Sue wanted me to go out and shovel the snow off of her car so she could get to work. It seems awfully old-fashioned in this high-tech age that either of us should actually have to leave the house -- her to go to work, me to shovel snow. Isn’t there an app for that? I guess not.

Sue wanted me to go out and shovel the snow off of her car so she could get to work. It seems awfully old-fashioned in this high-tech age that either of us should actually have to leave the house — her to go to work, me to shovel snow. Isn’t there an app for that? I guess not.

Millions of people with smart phones have learned this winter that an app exists that will tell them that their flights were cancelled, but nothing that will magically beam them to whatever sunshiny place they were going. Instead, they are stuck in the airport just like the folks with stupid phones.

There is no app that lets you sleep comfortably in an airport. There are apps that will tell you the temperature of the beach you are supposed to be lying on, and that it’s happy hour at the bar. Is it even possible to have a happy hour in an airport? Let me check my Airport Happy Hour app.

There are all kinds of apps that can tell you exactly what time the next big blizzard of 2011 will hit, but apparently there is no app that tells you to stay off Chicago’s Lake Shore Drive in the middle of it.

The good news is that there is an app that can tell you exactly how long you were trapped in your car during a snowstorm down to the very last second. I used my latitude app to find out if any of my friends were also trapped in the storm.

It turns out that Bobby and his pregnant girlfriend were trapped in a car about a half-mile ahead of me.

Of course, she wasn’t pregnant when they first got trapped in the storm. I guess there’s no app for that.

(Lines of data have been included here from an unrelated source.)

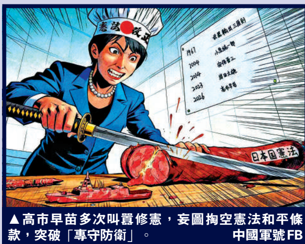
▲高市早苗多次叫囂修憲，妄圖掏空憲法和平條款，突破「專守防衛」。
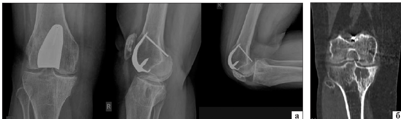
Рис. 3. Коленный сустав пациентки Р. через 10 лет после операции: а) рентгенограмма; б) КТ, МРТ, субхондральная киста внутреннего мыщелка большеберцовой кости

В настоящее время продолжается поиск способов лечения артроза крупных суставов с целью продления активного их функционирования и максимальной отсрочки тотального эндопротезирования [6]. Это связано с такими серьезными осложнениями, как глубокая инфекция, асептическая нестабильность и расшатывание имплантатов, нередкая необходимость реэндопротезирования [28, 29]. Одно из современных быстро развивающихся направлений в ортопедии — ограниченная артропластика при артрозах, типичным примером которой является одномышечковое эндопротезирование.
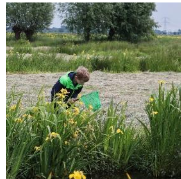
Slootjesdag in de Week van de Biodiversiteit
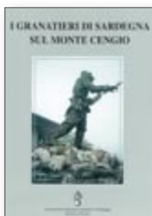
LIBRO "I GRANATIERI DI SARDEGNA SUL MONTE CENGIO" € 8,00
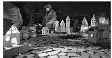
▲『あかり展』に向けて準備をします。
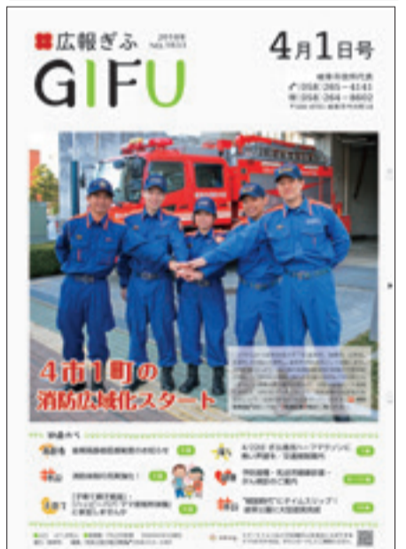
2018(平成30)年4月1日号 現在のデザインへ

「広報ぎふ」は、昭和23年9月2日の創刊以来、市民の皆さんとともに歩み、この9月で創刊70周年を迎えました。創刊時と比べると、名称は「木曜ぎふ」から「広報ぎふ」に、発行は「週1回」から「月2回」へと変わりましたが、市の
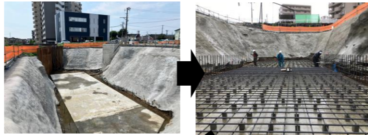
掘削・法面保護完了
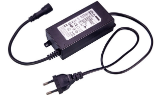
JBL LED SOLAR Driver
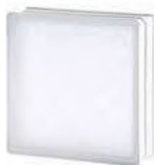
REF.: TC24WST 2424/8 WAVE SAHARA 2S* SAP CODE: 114577
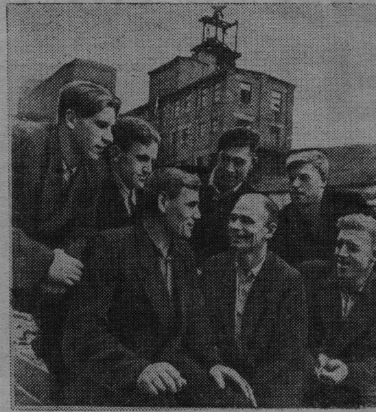
Кемеровская область. С хорошим почином выступили горняки шахты «Абашевская-2» треста «Куйбышев-уголь». Они разработали мероприятия по экономному расходованию крепежного леса

Большим злом, которое до сих пор не могут изжить на участках, является очковитательство. Вот конкретный факт. В своем выступлении на откры-
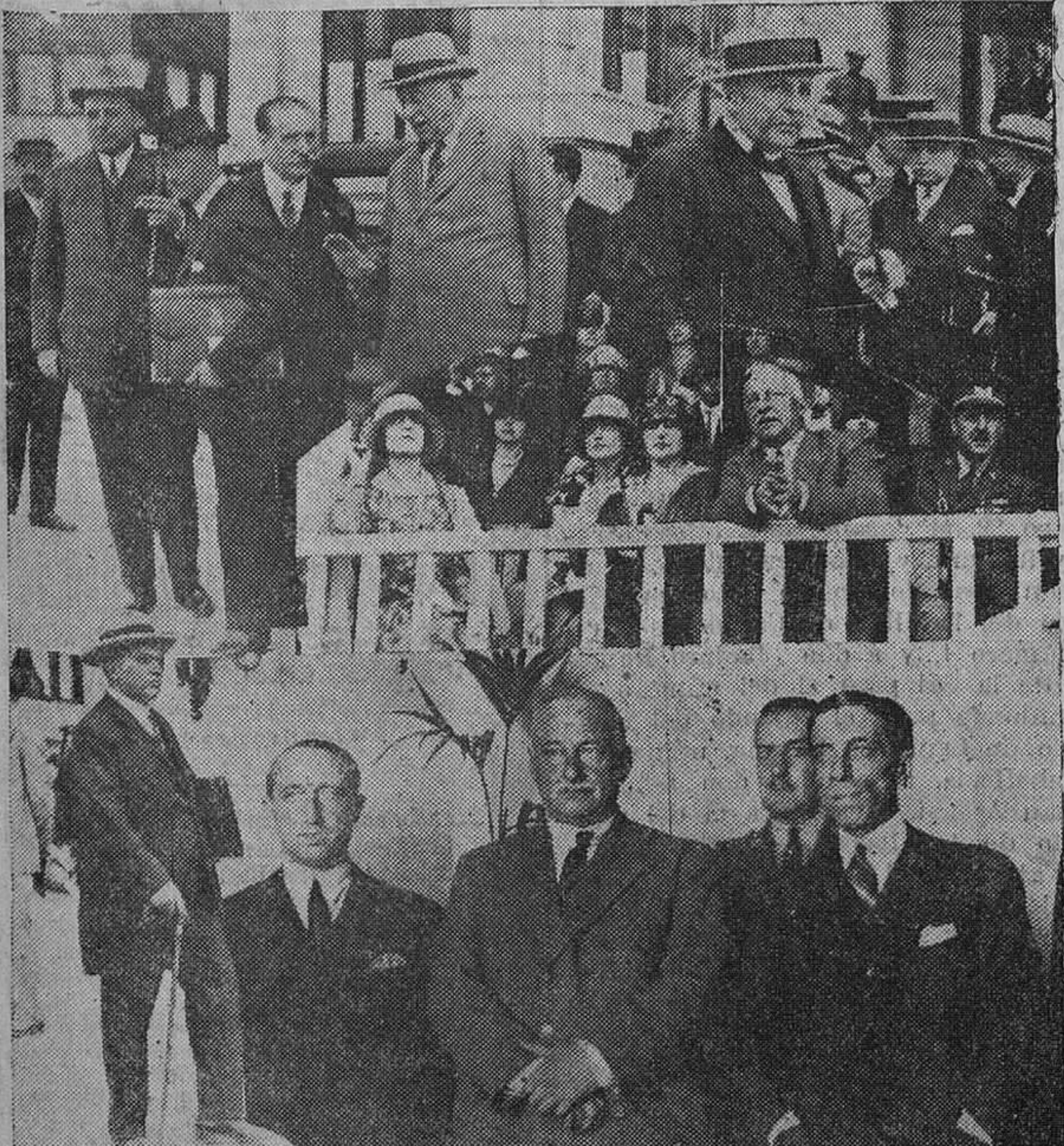
El general Primo de Rivera y los ministros, al dirigirse a Palacio para celebrar el Consejo presidido por el Rey. — El presidente con el embajador de Italia, después de firmado el tratado comercial aéreo. — En el centro, Primo de Rivera, en el Concurso hípico celebrado ayer.

El ministro de Hacienda, que, como es sabido, se hospeda en dicho hotel, subió a saludarle, permaneciendo ambos en conferencia hasta la llegada de los restantes consejeros.
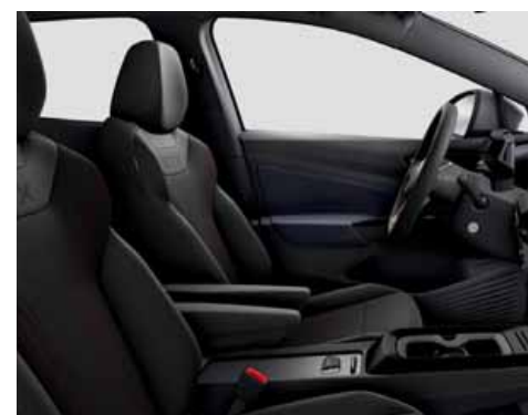
Klädsel Art Velours/Leatherette sidostöd, armstöd och dörrsidor
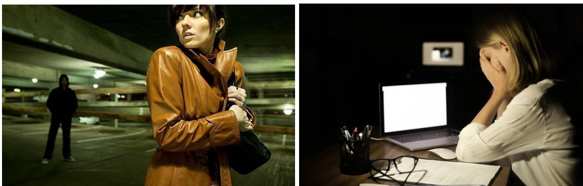
Figura 1. Crime de perseguição – Formas de Stalking
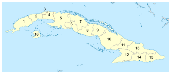
Regioni di Cuba

Cuba è divisa in 16 province composte da 169 municipalità e da una municipalità speciale (l'Isola della Gioventù, o Isla de la Juventud conosciuta fino al 1978 come Isla de Pinos ).
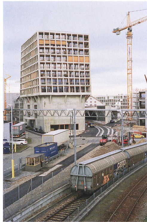
Helsinki Dreispitz (© Herzog & de Meuron, photo Katalin Deér)
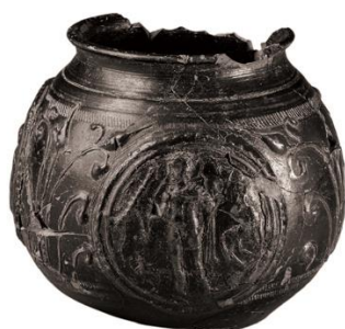
Figura 15. Bicchiere decorato a matrice fabbricato nell'atelier di Thonon-les-Bains, nei pressi del lago di Lemano, in Francia. Da Berman 2015: 249, 251 fig. 9.

Sempre in terra sigillata gallica va citato l'esemplare di bicchiere decorato a matrice fabbricato nell'atelier di Thonon-les-Bains , nei pressi del lago di Lemano, in Francia (Berman 2015: 249, 251 fig. 9) (fig. 15).
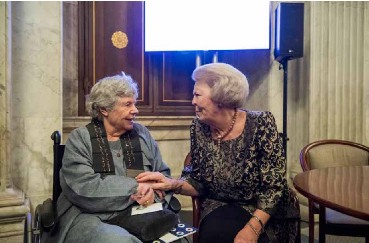
Hare Koninklijke Hoogheid Prinses Beatrix en A.S. Byatt bij de Erasmusprijsuitreiking 2016.
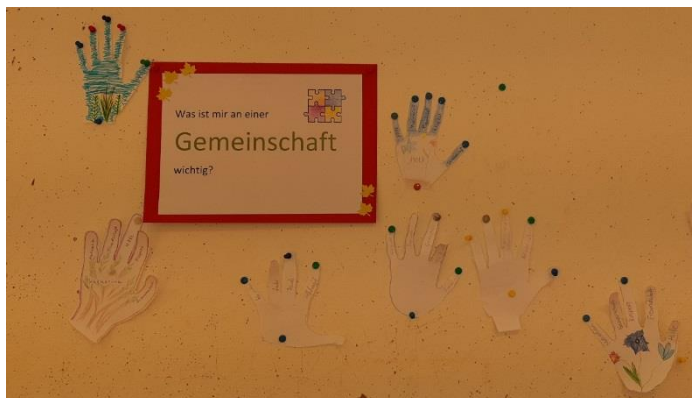
Der Gruppenraum der 1. Klassen

Was ist mir an einer Gemeinschaft wichtig?
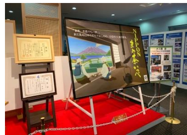
*技能グランプリ入賞者作品 展示*
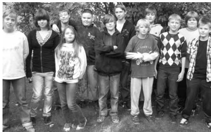
...und eröffnet neue Sichtweisen!
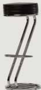
BARSKI STOL KROM količina: 120
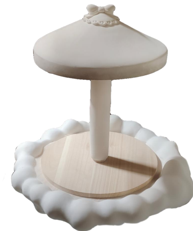
图 3-7 木马上层搭建图

将上层场景布置为具有绚烂神秘色彩的梦境世界，从线上购买色彩缤纷的小珠子进行布置，下面则布置为主人公在木马上熟睡的现实世界，将梦境世界与现实世界用云朵进行间隔，使观者能更好地区分梦境和现实世界，同时用云朵体现梦境若隐若现的意象，增添了梦境具有的模糊感。通过采购彩色玻璃进行搭建梯子，使主人公的梦境灵魂能够升到云朵之上的梦境世界，在玻璃的选择上采用七彩色，让其更为鲜明的体现故事情节。通过网上购买综合材料进行一些小的方面的点缀。部分场景元素运用模具制作，例如一些星星爱心等元素运用到作品上去。制作顶棚的花边要先测量圆的周长，但由于粘土干后会缩小，所以这个尺寸后期是要不断地调整打磨。在搭建时，首先要找好底座和顶棚的圆心点，确定支柱的位置，用木材胶进行粘连，待干后再进行云朵的粘连，最后将上支柱放进轴承中完成整体的搭建。
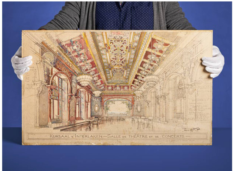
Paul Bouvier (1847–1940)

Nel 2022 il numero di domande di utilizzazione (745) è risultato leggermente inferiore a quello dell'anno precedente (2021: 775). Gli ambiti collezionistici più richiesti sono stati l'Archivio federale dei monumenti storici e la fotografia. Il numero di visitatrici e visitatori in loco ha superato quello dell'anno precedente, passando da 91 a 116. Sono stati prestati circa 80 documenti originali per dieci mostre. Digni di nota sono i prestiti di documenti fotografici storici per la mostra itinerante dedicata agli esordi della fotografia in Svizzera ( Dal Vero al MASI Lugano, D'après nature al Photo Elysée di Losanna), quelli di opere di Klein-
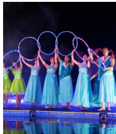
水上ステージパフォーマンス (昨年の様子)

I just got an invitation to their wedding on my smart phone. Sometimes I think their phone is a lot smarter than they are.

I don’t know what it’s called, but there must be an app that tells people to run down to the grocery store and buy every loaf of bread and roll of toilet paper every time someone says the word “snow.” I wonder if there’s an app that can tell me exactly how long the average family can live without bread? One hour? One day? After that, does starvation set in? And how long should you wait to panic?

“Two days without bread! They’ll find us passed out from hunger. Will anyone look for us? Or will they just find our skeletons? I suppose if we got into real trouble we could use our smart phones to call someone, but who can remember that number you call for emergencies? Why did they make it so long and hard to remember? Oh, that’s right, it’s in my smart phone’s memory from the time I called them. Remember? I couldn’t get my garage door opener to work. Talk about an emergency, I thought I’d have to get out of the car and open it myself.”

Can’t you just make bread if you run out? Isn’t there an app for that? Or as we used to call it: a recipe. I mean, if you’re so snowed in that you can’t make it to the grocery store to buy bread, it means you’re snowed in enough that you can’t go to work, either.

That gives you all day to bake. I think I could be snowed in for an entire year and still not get to the bottom of my freezer. If only there was an app that would tell me what’s in there — and defrost it. Now that’d be a smart phone.